Suzanne Pilley murder: Sentencing of David Gilroy to be filmed live
THE sentencing of the man convicted of murdering Suzanne Pilley will be the first to be shown on television, after Scotland’s most senior judge agreed to a request from broadcasters.
In a historic break with tradition, cameras will be allowed to film the judge, Lord Bracadale, as he delivers his sentence after one of the most high-profile murder investigations in recent years.
There will then be a short delay while the judge and court staff check the tape to ensure that nothing defamatory or inappropriate has been shouted from the dock or public gallery, which could infringe on the administration of justice.
Once approved, the footage will be distributed by STV to other media outlets.
David Gilroy, 49, who last month was found guilty of the murder of Ms Pilley, 38, will not be filmed as he would need to give his consent. His former lover, Ms Pilley, an office worker from Edinburgh, went missing in May 2010. Her body has never been found but police believe Gilroy may have hidden her somewhere in Argyll, where he went on a business trip shortly after her disappearance. The case, which began as a missing persons inquiry, quickly developed into a murder hunt.

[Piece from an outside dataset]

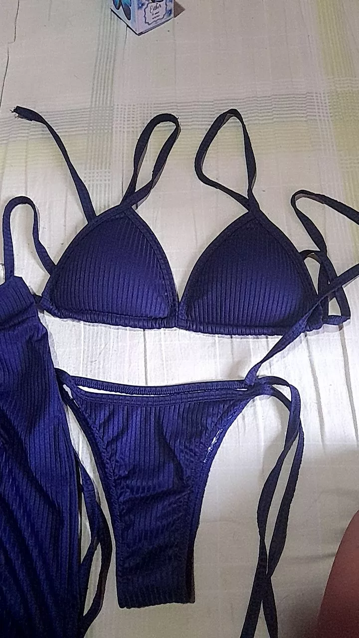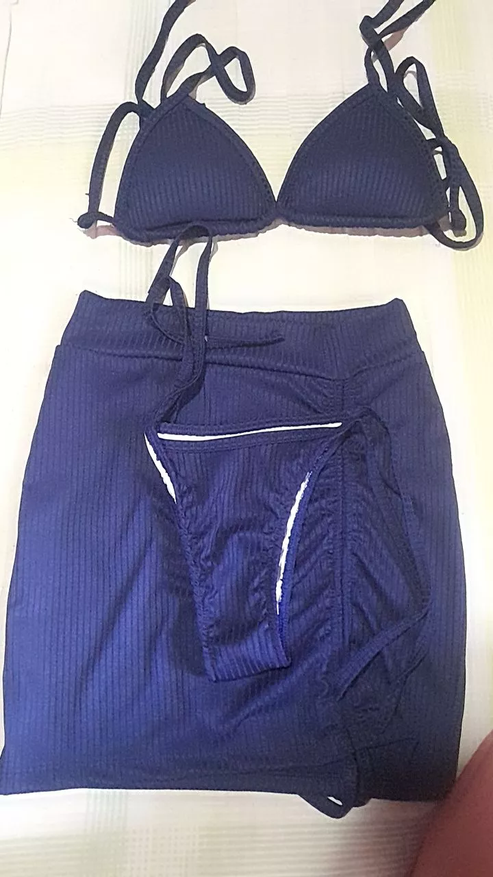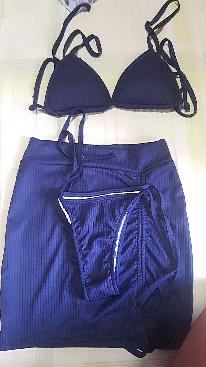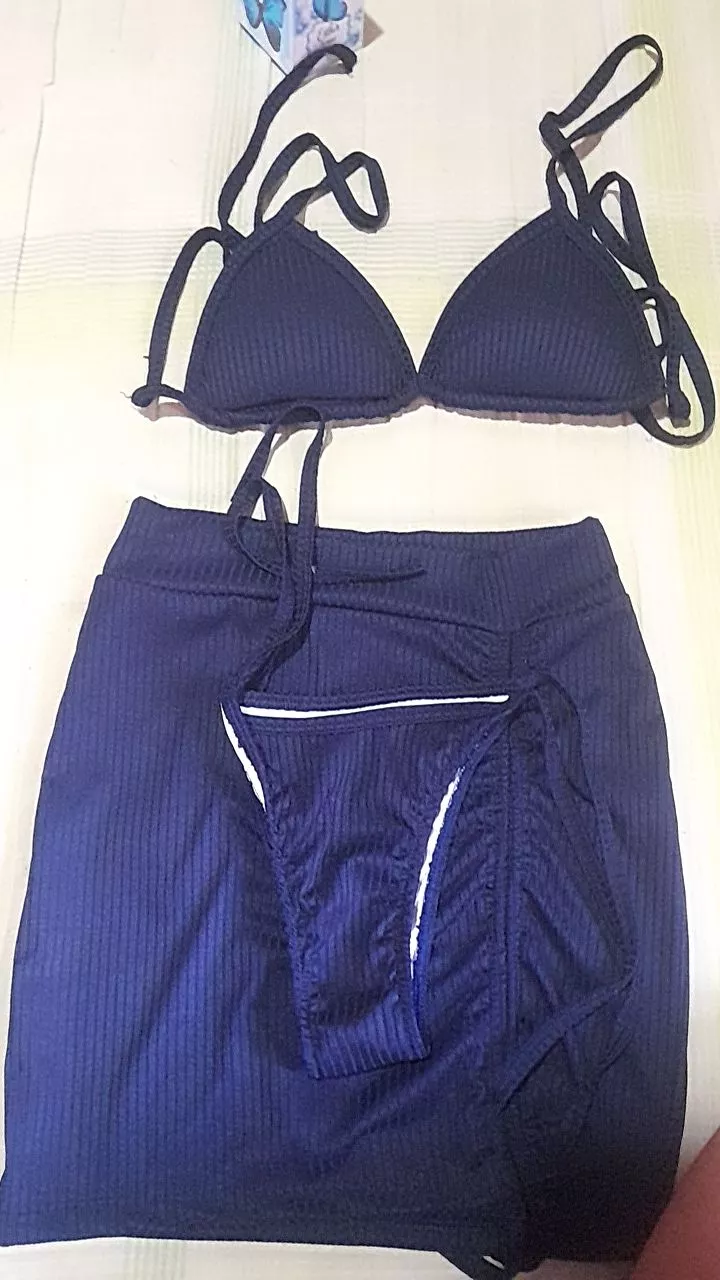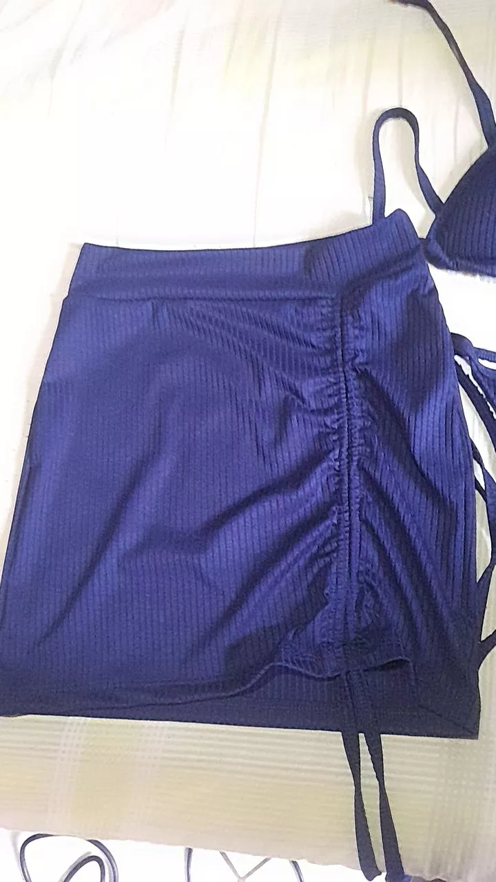 O biquíni e saia drapeada podem ser encontrados em diversas cores

Overwhelming public interest in the case was the basis for the decision, taken by Lord President Lord Hamilton, with the agreement of Lord Bracadale.
Future requests are expected to be decided on a case-by-case basis, but if the Gilroy sentencing goes smoothly, it could become more commonplace in Scottish courts.
The break with tradition was broadly welcomed yesterday.
Willie Rennie, Scottish Liberal Democrat leader, said: “By televising this, people like Gilroy, who have been found guilty of such a shocking crime, will face a day of reckoning. The public will be able to see justice being done.”
Lewis Macdonald, Scottish Labour justice spokesman, said: “In broad terms this is a welcome step towards greater transparency. The public wants to understand better how the court system works, and are frustrated when they don’t.
“The precautions are sensible. It is important that victims and witnesses are not impugned.” He predicted it will be a step towards more regular filming.
Victim Support Scotland said it was important that the feelings of relatives are considered in the process.
A spokesman said: “The openness and transparency of criminal justice is important to victims of crime and their families.We would give a cautious welcome to this, as it will pave the way for more openness.
“However, it should be borne in mind that the delay is an important element to ensure that victims and their immediate family can be informed of the outcome as speedily as possible.
“For some people it could be an issue if the decision is not communicated to them first.”
Cameras have been allowed in the appeal courts before, for hearings involving Nat Fraser, over the death of his wife, and Luke Mitchell, who murdered his girlfriend Jodi Jones.
A bail application relating to Lockerbie bomber Abdelbaset al Megrahi was also filmed, after his counsel, Maggie Scott, gave her consent.
Westminster Justice Secretary Ken Clarke has suggested that cameras could be allowed in appeal courts in England and Wales. The proposal is expected to be included in the Queen’s Speech in May, and could be expanded to include sentencings and judges summing up in serious criminal trials.
In a statement released yesterday, the Scottish Court Service said: “David Gilroy was found guilty of the murder of Suzanne Pilley on the 15 March, 2012.
“Following an application by STV, permission has now been granted to film Lord Bracadale sentencing David Gilroy at the High Court in Edinburgh at 10am on 18 April, 2012.
“The camera will focus on the judge and no other person will feature in the footage except the macer and the clerk. ”
A Scottish Government spokeswoman added: “Cameras are allowed into courts subject to the terms of the 1992 Practice Note issued by the then Lord President. The 1992 note makes clear it is a matter for broadcasters to request in specific cases that cameras are allowed into court.”